- Developer: Square
- Publisher: Square
- Designers: Nobuyuki Hoshino Hiroyuki Ito
- Programmers: Keitarou Adachi Kiyoshi Yoshii Hiroshi Nakamura
- Artists: Masaaki Miura Masanori Hoshino Takashi Tokita
- Writer: Goujin Komori
- Composer: Nobuo Uematsu
- Platform: Family Computer
- Release: JP: November 30, 1989;
- Genre: Role-playing
- Mode: Single-player

= Square's Tom Sawyer =

1989 video game

Square's Tom Sawyer (スクウェアのトム・ソーヤ, Sukuwea no Tomu Sōya) is a role-playing video game produced by Square that was released exclusively in Japan in 1989 for the Family Computer. The game is directly based on Mark Twain's renowned 1876 novel, The Adventures of Tom Sawyer, and was developed in the role-playing video game niche that made Square famous with its acclaimed Final Fantasy series of video games.

==Gameplay==

In this battle sequence, Tom and Jim fight a snake.
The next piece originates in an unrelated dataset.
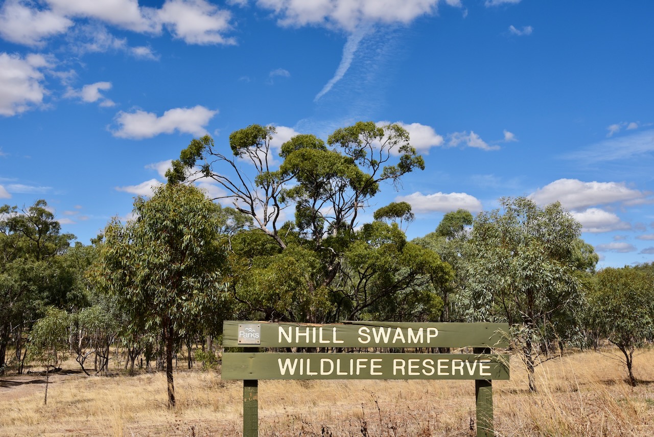 The Nhill Swamp Wildlife Reserve is 160 acres in size and is located on the southern side of the Western Highway, just beyond the Jaypex Public Park, and on the eastern side of the Nhill-Harrow Road.

Players control Tom Sawyer and his friends as they join the party, such as Jim and Huck, and they each have RPG game statistics such as health, power, and speed. Characters can choose to equip no weapons, and fight with their fists, but there are a large number of collectible items. Key cards and black magic are also present in the game. The game features an enemy that triggers the reset button on a players controller bringing them back to the title screen.

==Plot and setting==
Square's Tom Sawyer is based on Mark Twain's 19th century book "The Adventures of Tom Sawyer" and features many characters from that book. The plot takes place in 1855 on the Mississippi River in the fictional town of St. Petersburg, Missouri. The game begins with Tom Sawyer having a dream saying that in a southern location a pirate treasure is buried. Aunt Polly wakes Tom the next morning, and Tom sets out to find the treasure.

==Development==
Square's Tom Sawyer was scored by famed Final Fantasy composer Nobuo Uematsu, who is described as taking a more "scenic" approach to the game than his previous works. Artist Katsutoshi Fujioka worked on the game title as well. Around the time that Sakaguchi was writing scenarios for what would become the original Final Fantasy, Hiromichi Tanaka decided to make a game based on "Tom Sawyer" at the same time and formed a team to make it. Takashi Tokita developed some of the graphics, and designed Tom Sawyer as well, but working on the game was difficult for Square to do as teams struggled to finish both games at once, and help was given by the different teams to complete the titles.

Being released between Final Fantasy II and III, the game was similar to the former in that there was no experience point system. Many of the gameplay systems were later seen in an evolved form in the SaGa series. Goto Komori, a detective writer, created the games scenarios. The game had the name "Square" added to the front as another video game about Tom Sawyer came out earlier the same year. Tom hunting for buried treasure is a plot point taken from the original story. According to Nobuo Uematsu, the game was not immediately released after it was completed, and came out a long time after in order to avoid big game releases by Square or their rivals.

==Reception and legacy==

Speaking to Tom, Jim displays a typical blackface caricature.

The game was never localized outside Japan, and was noted by IGN as an example of racism in video games. In 2010, UGO ranked it as the #4 most racist video game in history.

The portrayal of black people as blackfaced caricatures with huge lips has been noted about the game. In GameSpys retrospective overview of the Famicom, Benjamin Turner and Christian Nutt's Square column concludes that "one of the most amusing Square games that didn't come [to the U.S.] was Square's Tom Sawyer, an RPG starring the happy-go-lucky boy wonder that featured a...racially insensitive...character". Artist Takashi Tokita explained in 2018 that when the game was made, there was not a "standards and practices" department to ensure that games did not contain materials that would be offensive in other cultures.